▶ _WHAT IS EXPECTED_:
Lines to restate from the data below: from the one containing "3. This car" to the one containing "Royal Style Girls", both included. Give them again exactly, and only them.

▶ _DATASET CONTENT_:
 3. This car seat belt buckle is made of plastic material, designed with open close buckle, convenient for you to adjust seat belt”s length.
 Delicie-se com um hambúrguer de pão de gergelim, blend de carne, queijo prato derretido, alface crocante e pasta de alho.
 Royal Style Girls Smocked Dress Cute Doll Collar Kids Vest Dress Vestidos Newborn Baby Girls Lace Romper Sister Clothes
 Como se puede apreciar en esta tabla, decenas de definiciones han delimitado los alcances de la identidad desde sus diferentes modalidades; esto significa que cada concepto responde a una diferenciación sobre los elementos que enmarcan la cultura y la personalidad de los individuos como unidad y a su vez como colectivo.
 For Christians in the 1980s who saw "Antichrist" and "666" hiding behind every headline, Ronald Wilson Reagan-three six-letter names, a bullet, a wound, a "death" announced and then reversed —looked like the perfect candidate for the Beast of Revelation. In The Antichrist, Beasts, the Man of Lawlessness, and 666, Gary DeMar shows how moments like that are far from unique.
==
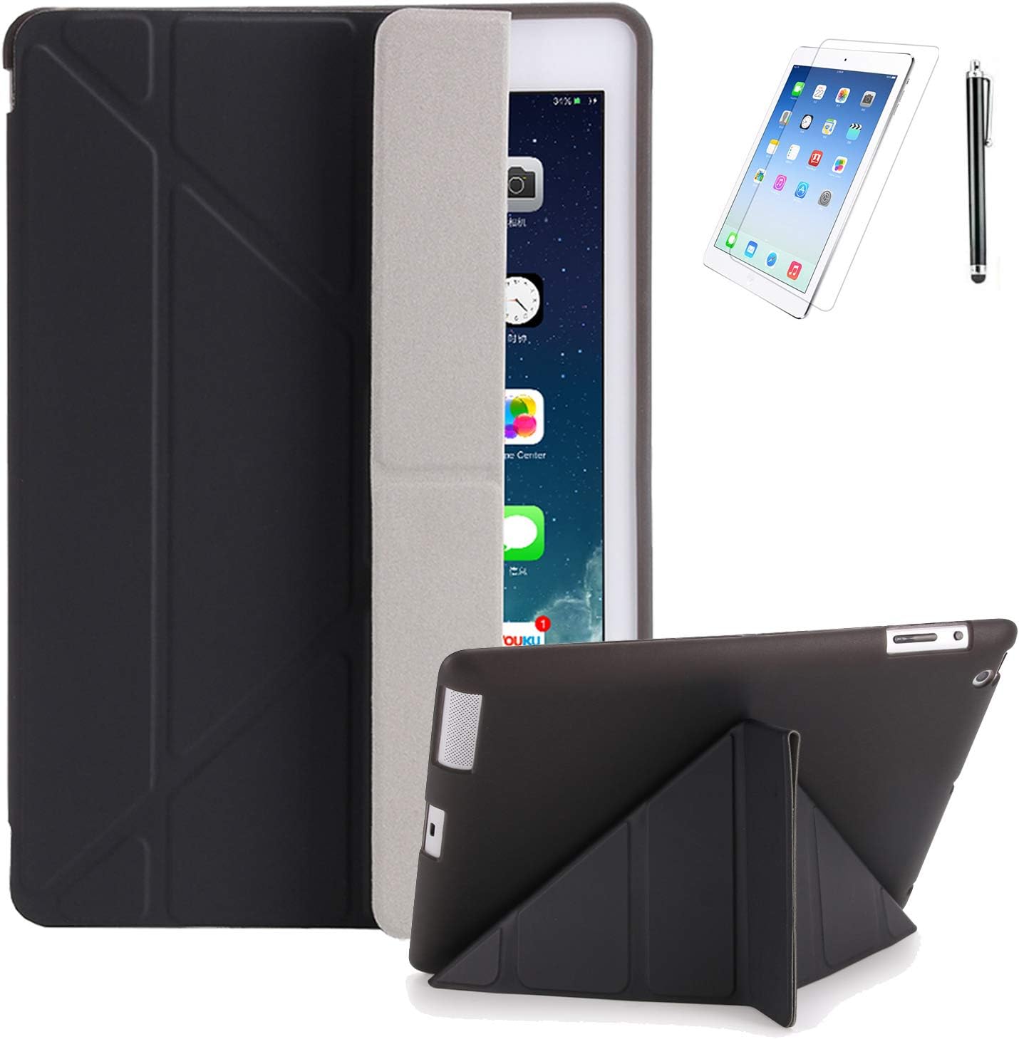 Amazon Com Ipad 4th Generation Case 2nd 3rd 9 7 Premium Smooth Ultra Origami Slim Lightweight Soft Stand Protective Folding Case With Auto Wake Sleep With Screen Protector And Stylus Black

▶ _ANSWER SECTION_:
 3. This car seat belt buckle is made of plastic material, designed with open close buckle, convenient for you to adjust seat belt”s length.
 Delicie-se com um hambúrguer de pão de gergelim, blend de carne, queijo prato derretido, alface crocante e pasta de alho.
 Royal Style Girls Smocked Dress Cute Doll Collar Kids Vest Dress Vestidos Newborn Baby Girls Lace Romper Sister Clothes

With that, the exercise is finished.